The next potentially most shocking executive order is Pharmacy Benefit Manager (PBM) Pending Reimbursements in the Medicare Outpatient Program, Part D. Here, Trump is resurrecting a proposed change to the rebates first issued in 2018. So far Federal regulations have established a so-called safe harbor for PBM refunds that prevents them from being treated as bribes. Without providing further details, the executive order states that it would reduce the safe harbor for refunds under the anti-rollback statute.

The total elimination of the safe harbor exemption would end the refunds as we know them, as they would be subject to being considered illegal bribes. This, in turn, would force PBMs to either waive reimbursements entirely or pass them directly to Medicare beneficiaries. Instead of PBMs receiving rebates in exchange for moving market share to products that are given a preferred position on the form, they would receive a fixed fee per prescription handled under the policy change.

However, it is well in the air if any steps would be taken to review the refund system. The wording of the executive order suggests that “before taking any action” regarding changes to the reimbursement system, the Secretary of “HHS must confirm that such policy would not lead to increases … in premiums for beneficiaries of Medicare. ” But, that is precisely the problem that PBMs and payers have repeatedly raised over the years, as they claim that gutting rebates will lead to increases in premiums.

A third executive order requires federally qualified community health centers, clinics that care for low-income patients, to go through the 340B program discounts for insulin for diabetics and epinephrine for severe allergy sufferers. Although limited in scope in terms of the number of products affected, this executive order tangentially addresses widespread concern about the 340B program.

The 340B program requires drug manufacturers to provide outpatient drugs to eligible healthcare entities at significantly reduced prices. Community health centers and hospitals depend on discounts on medications that the 340B program provides to treat indigent patients. However, the program has come under scrutiny in recent years as hospitals have bought drugs at huge discounts and then Medicare and private insurers have reimbursed them at full cost, making effective 340B profits without necessarily going through discounts. to the patients. Additionally, many hospitals that benefit from the 340B program provide very little charity care.

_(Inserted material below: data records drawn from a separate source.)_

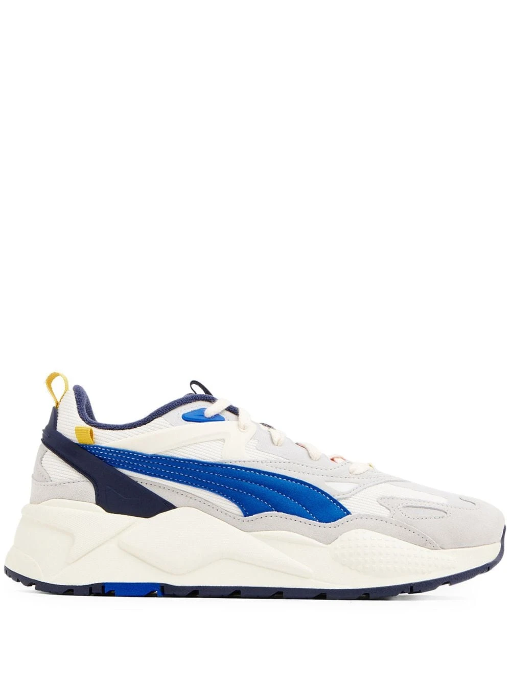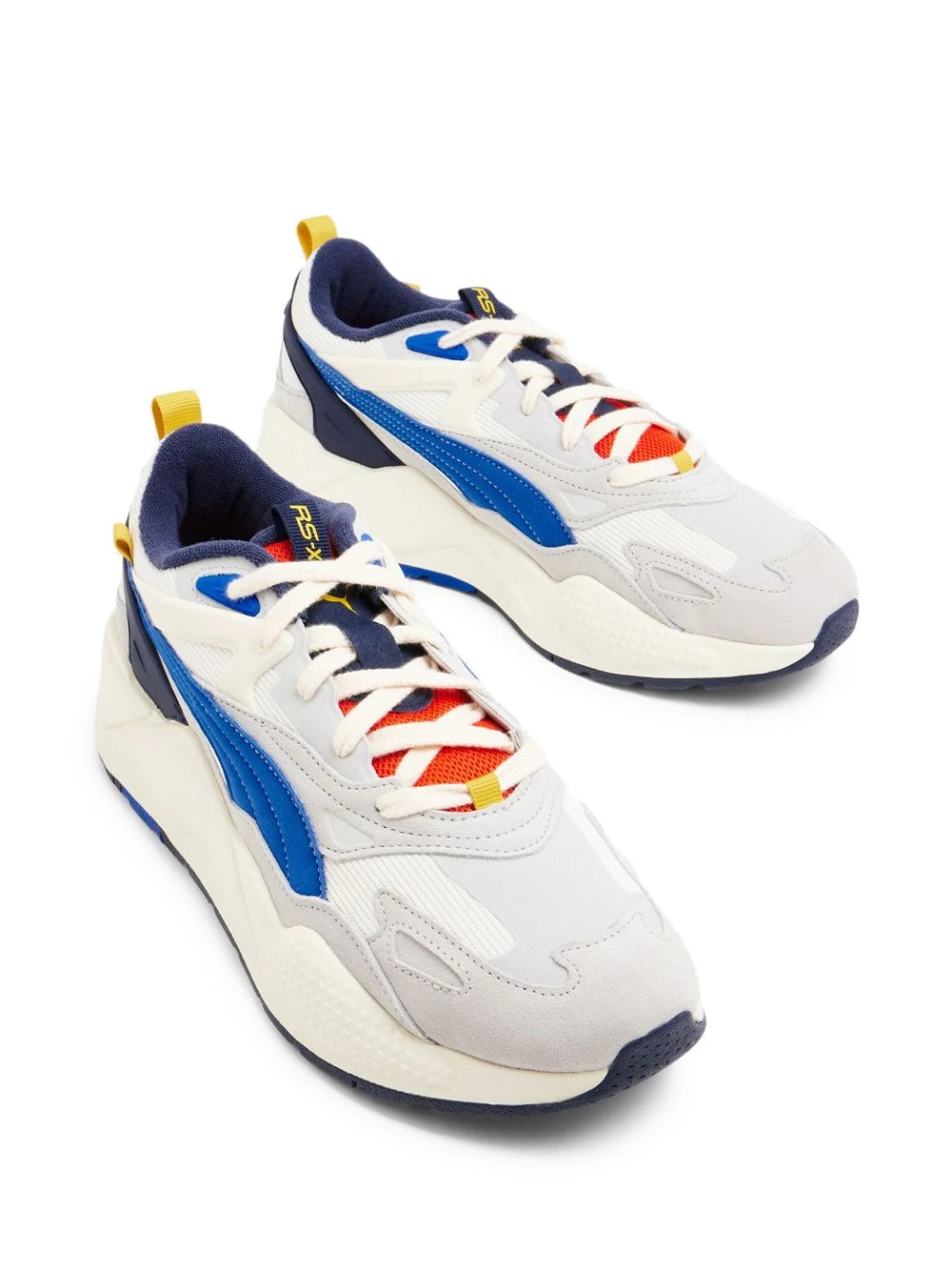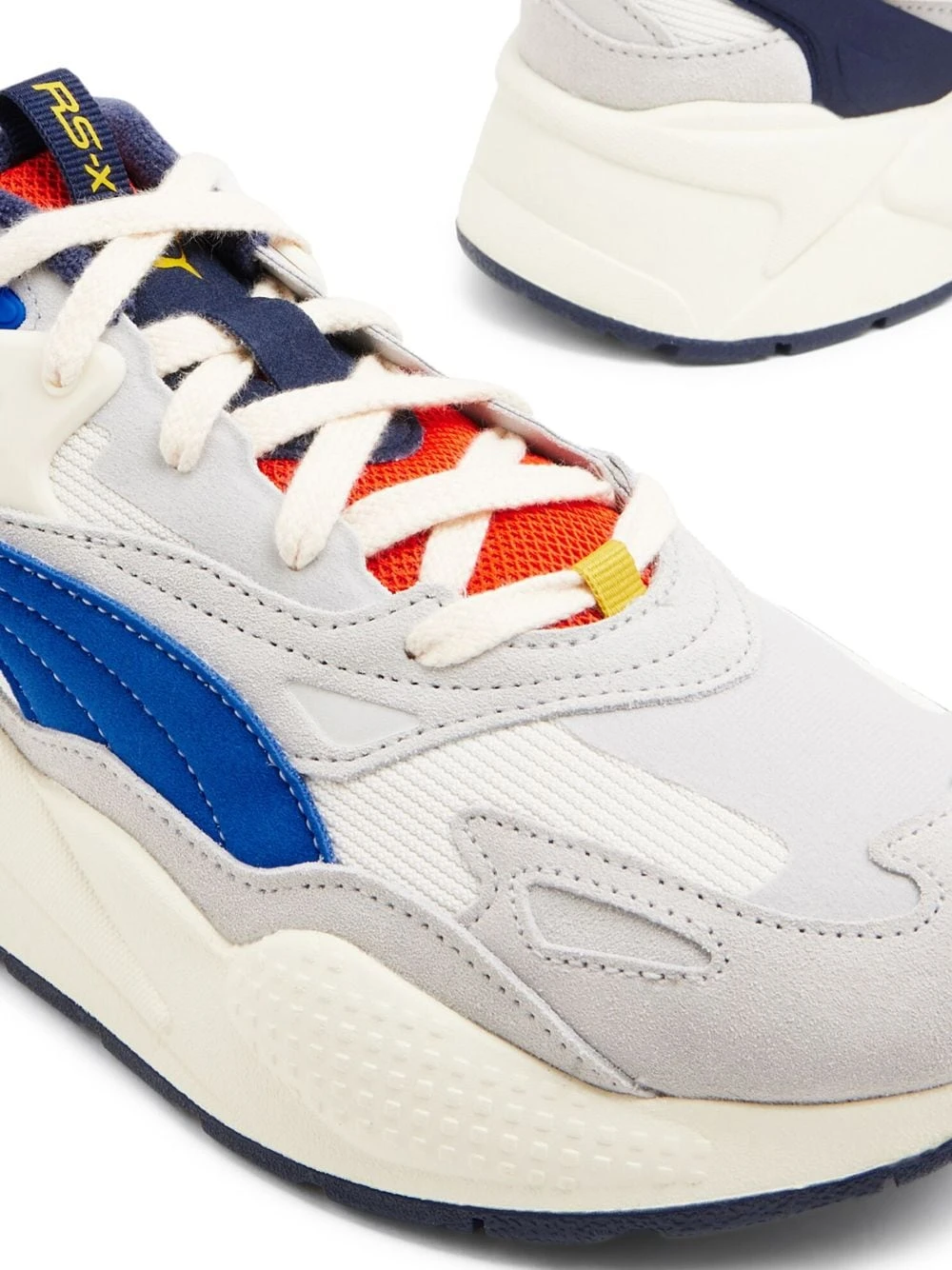 Gris clair, multicolore, daim, design à empiècements, bout rond, fermeture à lacer sur le devant, semelle intérieure à logo, semelle plate en caoutchouc.
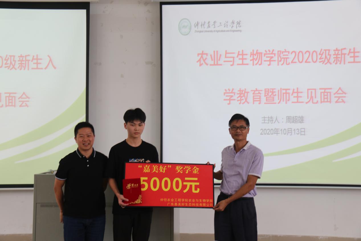 大会对公司2020级优秀本科生新生给予表彰和颁发奖学金。在“嘉美好”奖学金颁奖仪式上,公司副经理万小荣宣读表彰决定,郑奕雄经理和广东省嘉美好生态科技有限公司总经理方佳彬共同为农学201班黄俊彰同学颁发5000元的“嘉美好”奖学金和荣誉证书,以此鼓励新生们认真学习,并用所学知识回报社会。
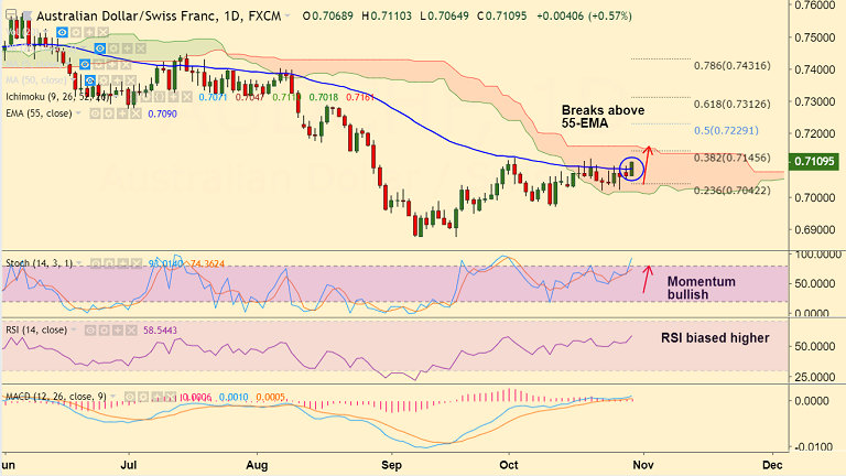 - AUD/CHF has broken above major resistance at 55-EMA, we see further upside.
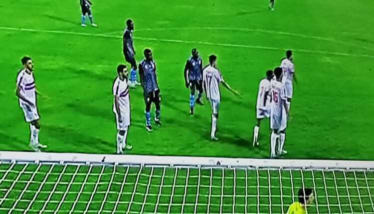 وتعادل لفلامبو الرواندي چاكوايا من كرة سريعة للامام ولعبها تصطدم بالقائم وتسكن شباك الزمالك .
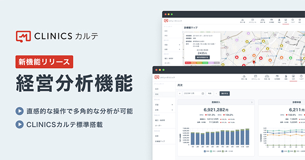 (株)メドレーは,「CLINICSカルテ」の新機能として,直感的な操作で多角的な分析ができる「経営分析機能」を,3月30日(火)にリリースする。
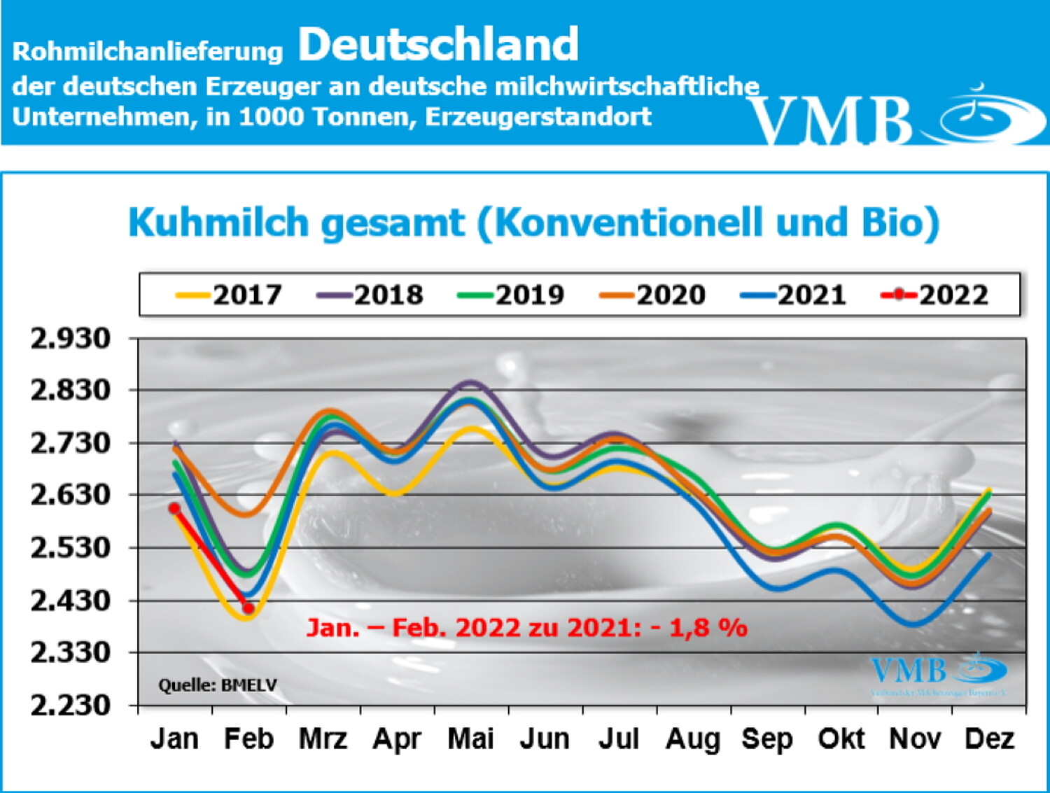 Die Statistik der deutschen Milchanlieferungsmenge, bekanntgegeben von der Bundesanstalt für Landwirtschaft und Ernährung (BLE), zeigt, wie bereits im laufenden Jahr 2021 zu Jahresbeginn 2022 einen weiteren Rückgang in der Milcherzeugung im konventionellen und ökologisch/biologischen Bereich. Das veröffentlichte Milchaufkommen für den Februar beträgt 2,414 Milliarden Kilogramm. Der Rückgang zum Vorjahresmonat liegt, mit einem Mengendefizit von etwas mehr als 36 Millionen Kilogramm Milch, bei einem Minus von 1,15 Prozent.
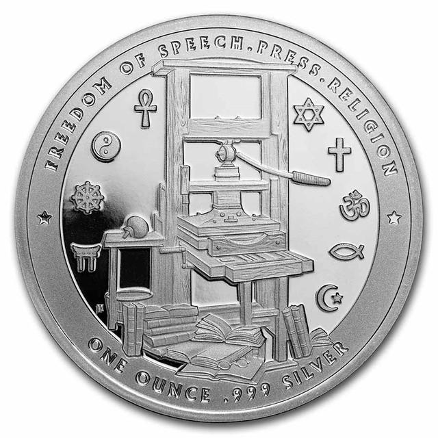 The obverse of the coin features the likeness of Benjamin Franklin, facing right. It is depicted against a plain background. At the bottom is the figure's name. The reverse depicts an ancient printing press, which Franklin used as a printer in his youth. Around it are the symbols of nine world religions. At the top is the inscription "Freedom of Speech, Press, and Religion." At the bottom is the weight and fineness of the metal from which the coin is made.
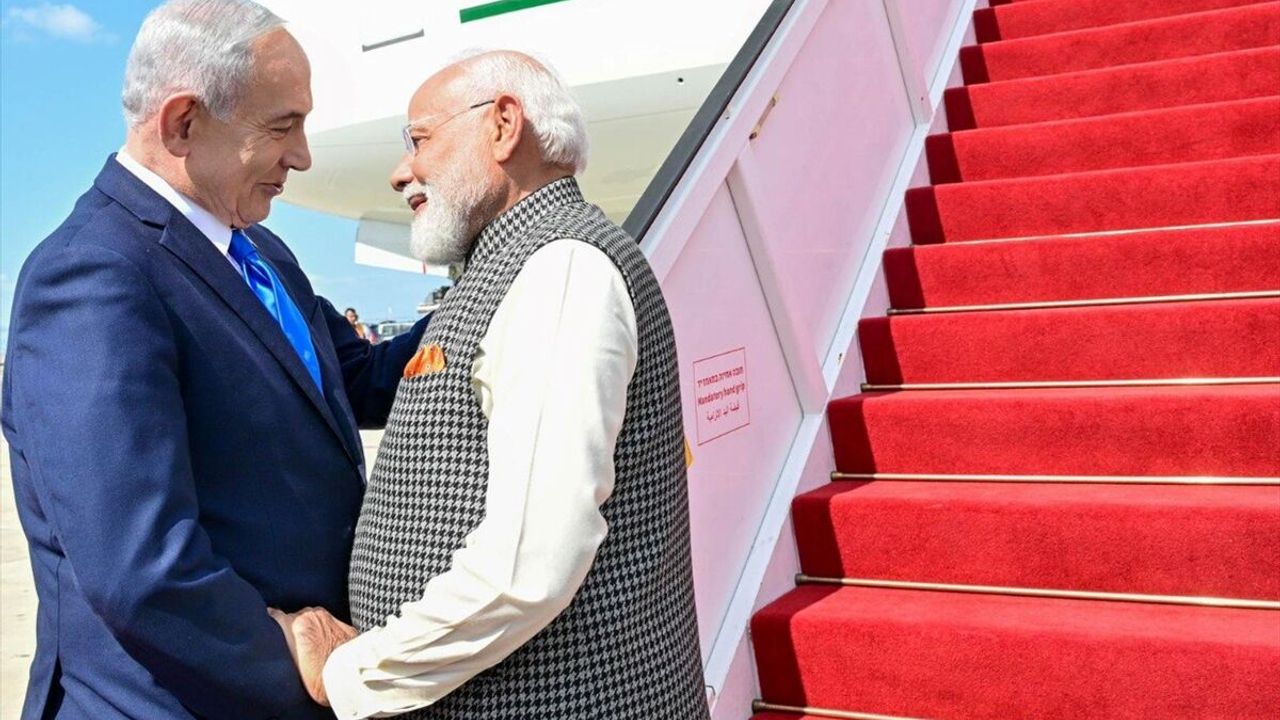 Netanyahu'nun uçaktan inen Hindistanlı mevkidaşını, 'Hoş geldin dostum. Burada olmanız harika. Konuşacak çok şeyimiz var.' ifadeleriyle karşıladığı görüldü.
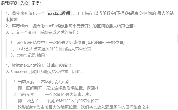 public int videoStitching(int[][] clips, int T) { int[] max_len = new int[T]; int count = 0; //最终结果 int head = 0; // 记录 结果中上一次的最大结束位置(本轮的最小开始位置) int tail = 0; // 记录当前遍历到的 区间最大结束位置 //记录每一个标号可以走到最远的点 for(int[] clip:clips){ if(clip[0]<T){ max_len[clip[0]] = Math.max(max_len[clip[0]],clip[1]); } } for (int i = 0; i < T; i++) { tail = Math.max(tail,max_len[i]); if(i==tail){ return -1; } if(i==head){ count++; head = tail; } } return count; }
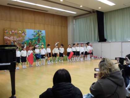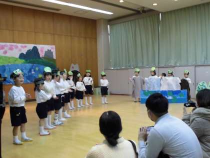 はじまってしまうと、ドキドキよりもワクワクに変わった様子で、きれいな歌声や役になりきったセリフが聞こえてきました。エンディング後、保護者からのアンコールに答えて「こぶたぬきつねこ」のかけあいを子どもたちと保護者とで行いました。
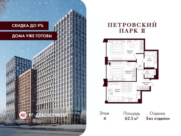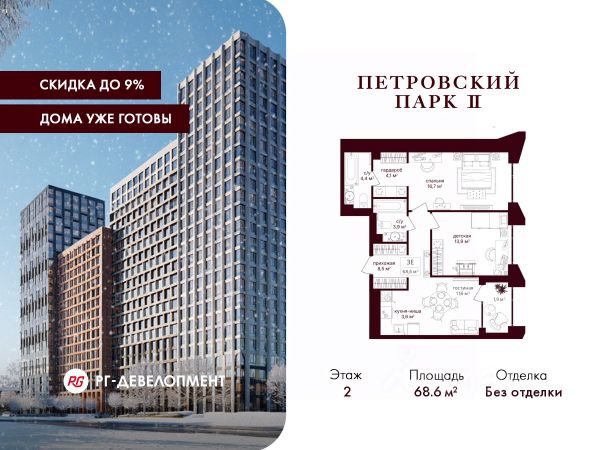 Дом сдан. Ключи в день покупки! В продаже 2-комнатная квартира площадью 67.40 м² с предчистовой отделкой на 5 этаже 43 этажного дома в корпусе Сильвер. ЖК Симфония 34 - концептуально новый жилой комплекс премиум-класса с подземной парковкой, состоит из четырех башен высотой 36 - 54 этажа. Квартиры сдаются с базовой (предчистовой) отделкой MR BASE или дизайнерской чистовой отделкой MR READY. Высота потолков 3 - 6 метров, окна высотой до 2,6 м. Более 100 кладовых в подземной части ЖК и более 500 на этажах. Безопасность - Система контроля входа на территорию комплекса, биометрия - Система автоматического водяного пожаротушения и противопожарного водопровода, система пожарной вентиляции - Доступ на парковку при помощи системы распознавания автомобильных номеров, карточка для контроля доступа резидентов - Система видеонаблюдения - Круглосуточная связь через приложение, телефон, голосовые сообщения с охраной, консьержем, call-центр. Расположение Пешком - 6 минут до метро "Дмитровская" - 15 минут до Тимирязевского парка На машине - 5 минут до Савеловского вокзала и Аэроэкспресса в Шереметьево - 10 минут до Москва-Сити и Садового кольца Благоустройство - 70% территории отведены под зеленые насаждения и ландшафтный дизайн - Приватный Японский сад - Детские площадки с зонированием по возрасту - Clubhouse для резидентов - Wellness & SPA - Зона для пикника, зона с гамаками - Центральное лобби, ресторан, коммерческие помещения - Дополнительный вход/выход на территорию комплекса Окружение - В 10 минутах от Symphony 34 находится дизайн-завод Flacon, где регулярно проходят культурно-образовательные и развлекательные мероприятия - Тимирязевский парк расположен в 850 м. Площадь парка 232 га - Рядом расположен парк "Дубки", площадью 16,5 га. - В 15 минутах расположен Хлебозавод 9. Здесь находятся шоурумы брендов, кафе разных кухонь мира, образовательные проекты и площадки для мероприятиКомпания MR предлагает своим клиентам специальные условия приобретения квартир в рамках программ ипотечного кредитования от банков-партнеров. Продается 2-комнатная квартира с отделкой от застройщика в районе Савеловский в Москве.
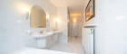 Das elegante Badezimmer mit Fenster, Badewanne, Dusche, WC und Bidet, ist mit edlem Marmor ausgestattet und sorgt für höchsten Komfort.

The executive order is directed at the wrong entity, at federally qualified community health centers, and does nothing about the top criminals, the big hospitals.

On the surface, the executive order on the importation of drugs appears to be the most direct. The order appears to be consistent with an HHS plan enacted in 2019 to “lay the groundwork for the safe importation of certain prescription drugs.” Specifically, that plan would authorize pilot projects developed by “states, wholesalers, or pharmacists and under HHS review, describing how they would import certain drugs from Canada that are versions of FDA-approved drugs and that are manufactured in accordance with FDA approval. ”

The executive order mentions Canada, but expands to include unspecified “other countries”. Furthermore, the language contained in the order makes it clear that imported drugs must not present an “additional risk to public safety”. And here lies a possibly fatal flaw for the order. Almost always when importation is mentioned as a way to reduce drug costs, potentially significant security risks present themselves as an obstacle.

Finally, it is worth mentioning that executive orders are not immediately enforceable. In fact, they are the first steps in a regulatory process that is likely to drag on. This implies that the Trump Administration would need to finalize the regulations and follow follow-up procedure steps that could take many months. Additionally, in the meantime, the four executive orders could be challenged in court.